Late-term abortions are generally unpopular for reasons of both emotion and science: as a child develops further in the womb and as ultrasound technology advances, it is simply harder to look at that child and deny his or her humanity. The Kermit Gosnell case drove home that reality. On the other hand, for equally powerful emotional reasons, voters tend to be unwilling to ban women from getting an abortion after they’ve been raped.

Neither of these is a logical distinction to those of us who see the abortion issue as a straightforward question of who is and is not a human being.

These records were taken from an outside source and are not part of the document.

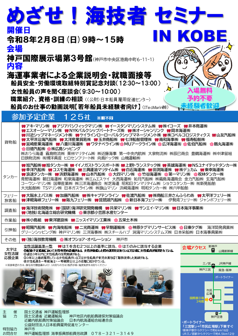 神戸運輸監理部は、船員になりたい方・船員の仕事を探している方と、海運事業者の雇用のマッチングを支援するため、企業説明と就職面接を兼ねた「めざせ!海技者 セミナーIN KOBE」を開催します。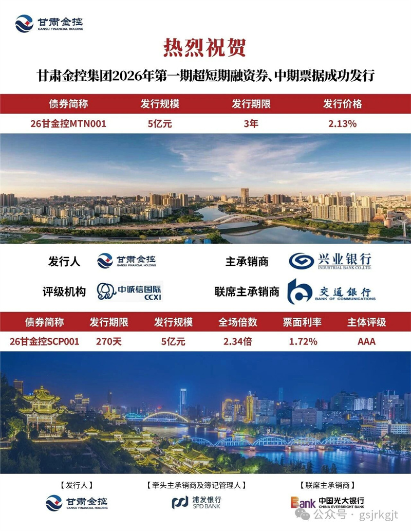 近日,甘肅金控集團成功發(fā)行2026年第一期超短期融資券,規(guī)模5億元,期限270天,票面利率1.72%,創(chuàng)集團債券發(fā)行利率歷史新低;同期成功發(fā)行2026年第一期中期票據(jù),發(fā)行規(guī)模5億元,期限3年,票面利率2.13%,刷新集團中期票據(jù)發(fā)行利率最低記錄。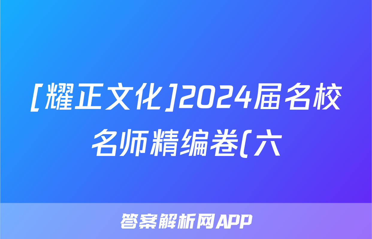[耀正文化]2024届名校名师精编卷(六)6答案(政治)正在持续更新,目前2026天舟高考答案网为大家整理了相关试题及答案,供大家查缺补漏,高效提升成绩。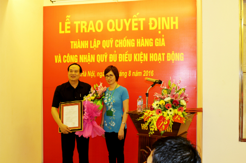 Sáng ngày 9/8/2016 tại Hà Nội đã diễn ra Lễ trao Quyết định thành lập Quỹ Chống hàng giả và công nhận Quỹ đủ điều kiện hoạt động. Tham dự Lễ trao Quyết định có ông Nguyễn Trọng Tín - Phó Cục trưởng Cục Quản lý thị trường, Bộ Công thương; đại diện của Vụ Tổ chức Phi chính phủ, Bộ Nội vụ; ông Nguyễn Đức Lợi - Chủ tịch Hội đồng Quản lý Quỹ Chống hàng giả.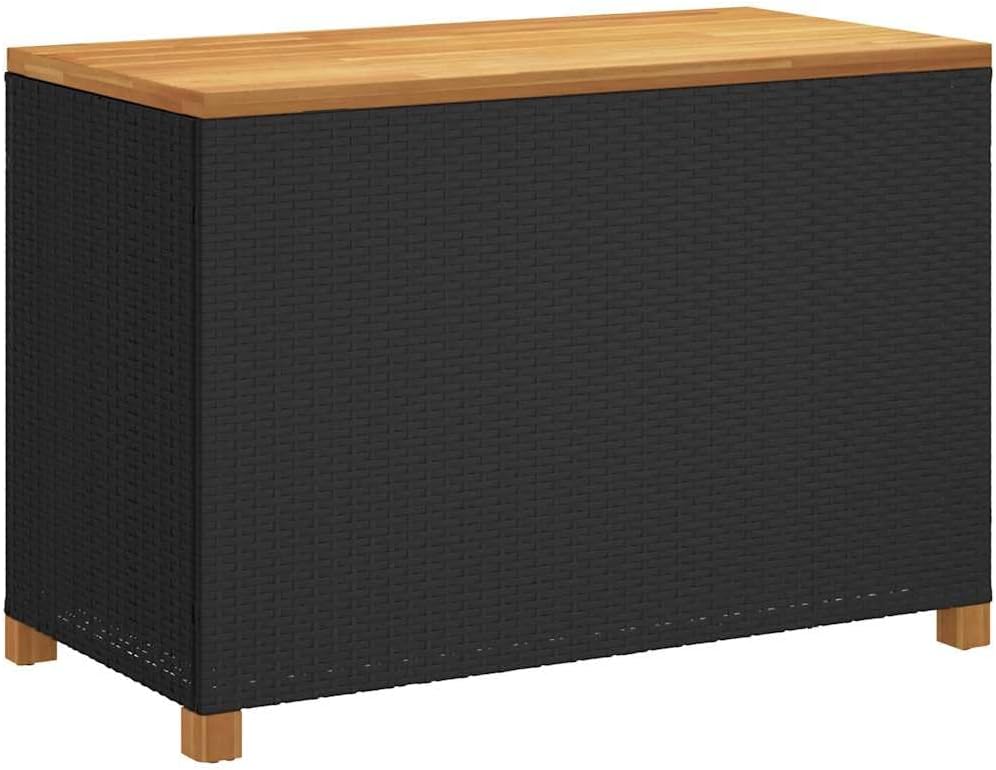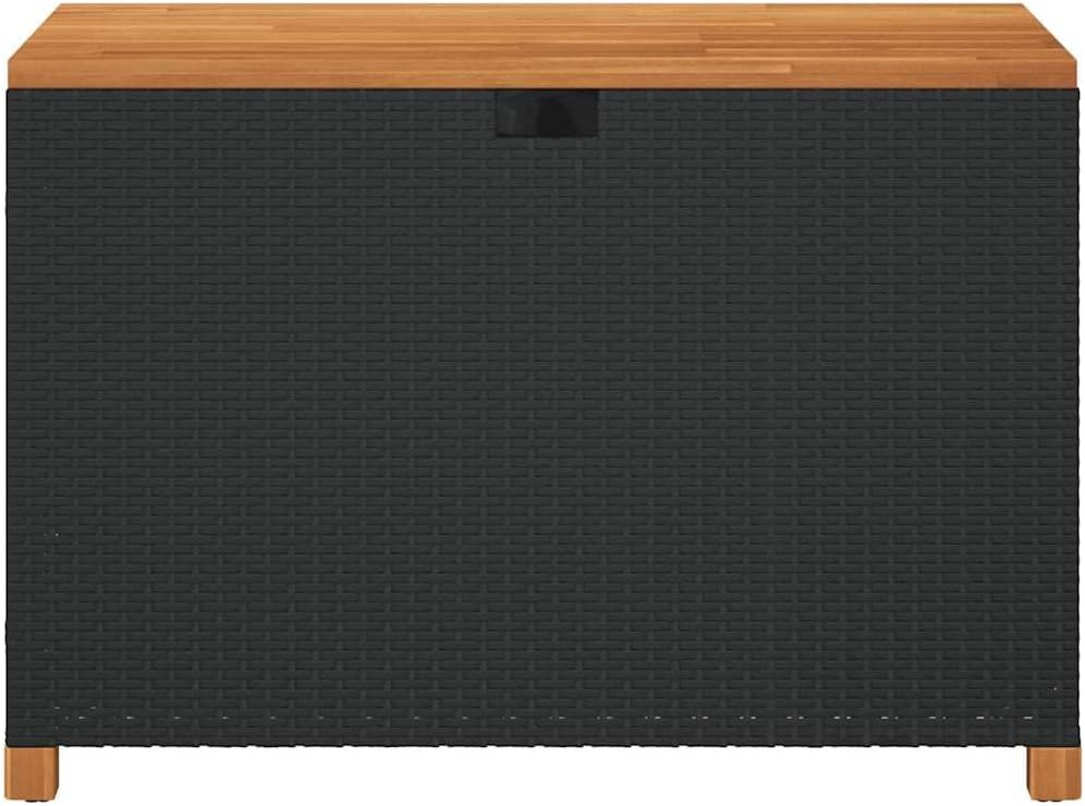 This outdoor storage box mixes practicality with a modern look, making it a fab addition to your garden or patio. Its sleek black and brown finish, along with a sturdy design, means it’s great for holding cushions, blankets, and garden tools, while also doubling up as a comfy seat for your outdoor hangs.This storage box has loads of space perfect for cushions, blankets, and gardening tools, keeping everything neat and easy to grab all year round.Made from tough materials, it has solid acacia wood and a strong poly rattan design, ensuring it lasts through all sorts of weather.Weather-proof and UV-protected, you can count on your items staying dry and shielded from the sun, making it good for both indoor and outdoor use.The smooth finish and modern look allow it to fit right in with any patio furniture, giving you a stylish and functional solution for outdoor storage.Its handy shape and size make it perfect for balconies, gardens, and garages, providing storage and a comfy seat when you need it.Color: Black Shape: RectangularMaterial: Synthetic Poly RattanFinish: Oiled Indoor/Outdoor: Indoor / OutdoorRoom: Garden and terraceCapacity: Space for blankets, cushions, and toolsMaximum Number of People: 2Maximum Weit: 706 lbsDimensions: 21.7 x 43.3 x 24.8 in (W x L x H)Weight: 32.63 lbsDelivery Contains: Storage Box, Water-resistant BagAssembly Required: YesRecommended Number of People for Assembly: 2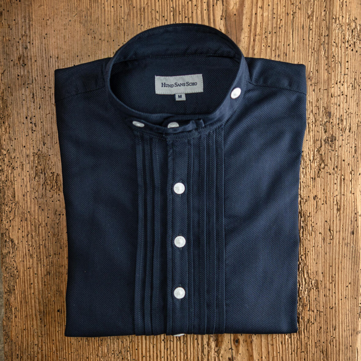 Trachtenhemd dunkelblau – klassischer Schnitt, 100% Baumwolle, Piqué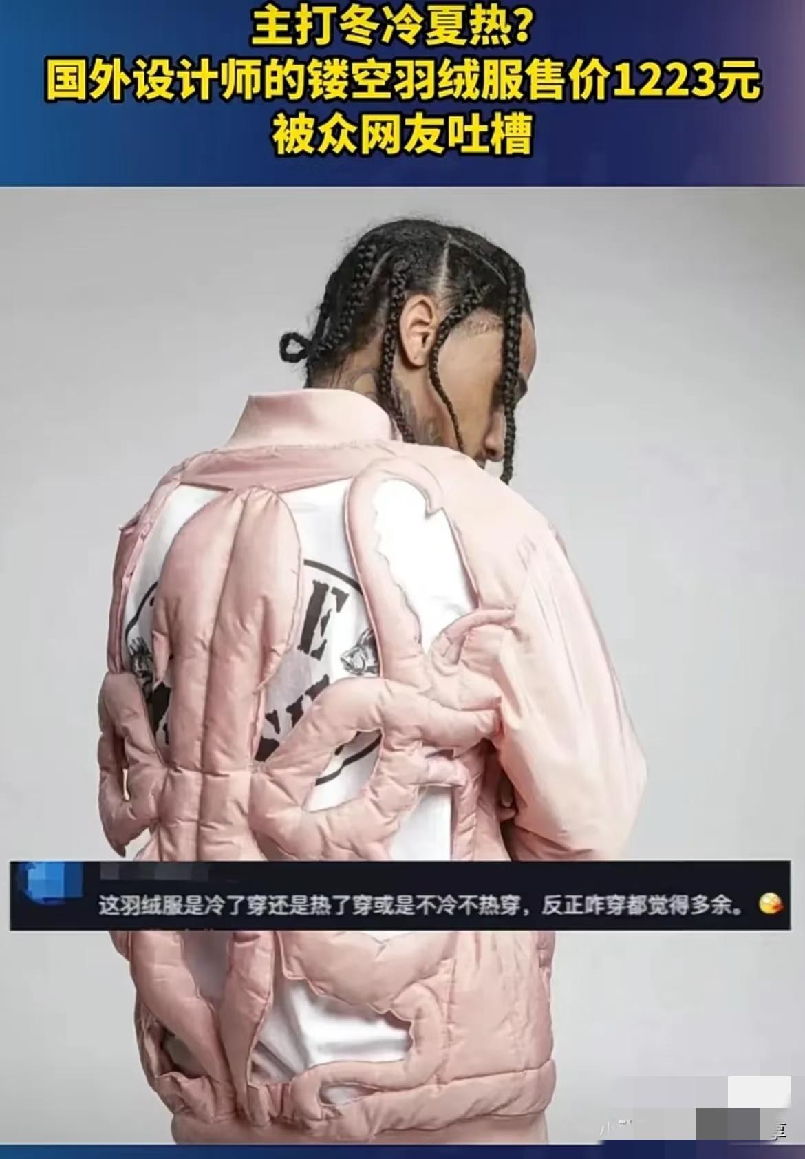 镂空羽绒服、泥土羽绒服,现在的羽绒服穿搭,真是越来越让人猜不透!曾经只追求保暖耐穿,如今却玩起了“反常识”,让人一眼懵,再看才品出味道。 有人说这是为了设计而设计,不实用还容易被误会。但我觉得,这恰恰是穿搭的新表达——保暖不再是唯一标准,衣服成了个性的出口。敢把镂空穿出门,是不怕冷的洒脱;敢把“泥土色”上身,是不迎合大众审美的底气。 羽绒服早不是“臃肿”的代名词,它可以酷、可以怪、可以与众不同。穿搭的意义,从来不是让所有人喜欢,而是让自己舒服又亮眼。你今年冬天会尝试这种“反常规”羽绒服吗?还是坚守传统款?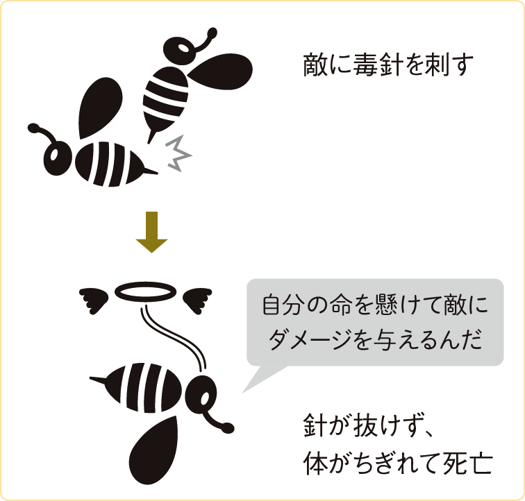 自然界には、自らの命を代償にして仲間を守る生き物がいます。たとえば、ハチやアリのような社会性昆虫はその代表です。メスのミツバチ(働きバチ)は巣を守るために敵に毒針を刺しますが、針の先に連動して内臓が引き抜かれ、命を落としてしまいます。それでも、群れを守るために戦うのです。
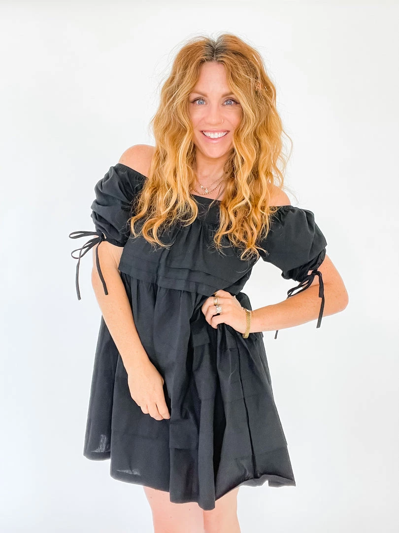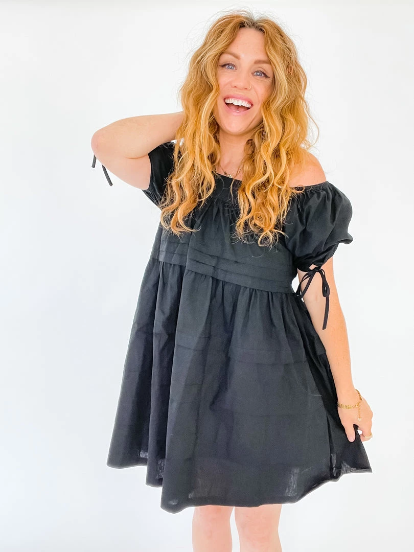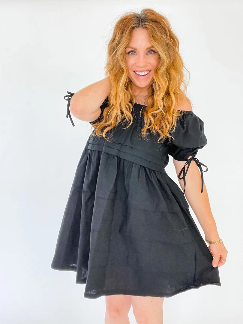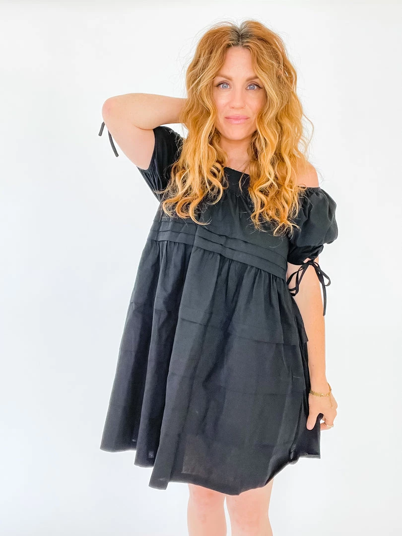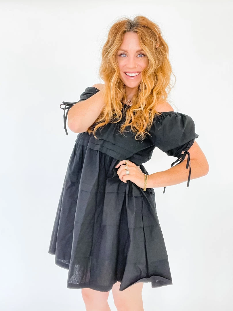A classic little black dress that won’t ever go out of style. The Adored Babydoll dress features a straight neckline that can be worn off the shoulder, puffed sleeves with a tie detail, and a flowy skirt. Easy breezy for summer, but also could be a transitional piece with some tall boots.

But voters’ emotional and empathetic reactions are the stuff of democracy, and we ignore them at our political peril.

When asked to discuss the rape exception, pro-life Republicans should remember two simple points:

First, rape and incest account for a very small proportion of all abortions, by most accounts less than 1%. (A celebrated 1987 study by the generally pro-abortion by the Alan Guttmacher Institute is the main source for the 1% figure; there are a number of methodological pitfalls in measuring this, but most of them suggest that the Guttmacher figure is as likely to be overstated as understated). For pro-lifers, that means a rape-and-incest exception is an opportunity to save 99 or more lives for every one lost. That may be a tragic “Sophie’s Choice,” but it’s also a powerful reason to save the 99 first and worry later about going back for the 1, rather than let all 100 die in order to stand on principle. For pro-choicers, it means that every time they focus on rape, they are effectively admitting that they are using a small number of hard cases to hide the fact that they can’t really defend the remaining 99% of abortions. Every Republican should be willing to accept a rape-and-incest compromise in order to make real progress on abortion, and be up front with voters about that – even pro-life Republicans who would, given their druthers, ultimately like to see all abortions in such cases outlawed.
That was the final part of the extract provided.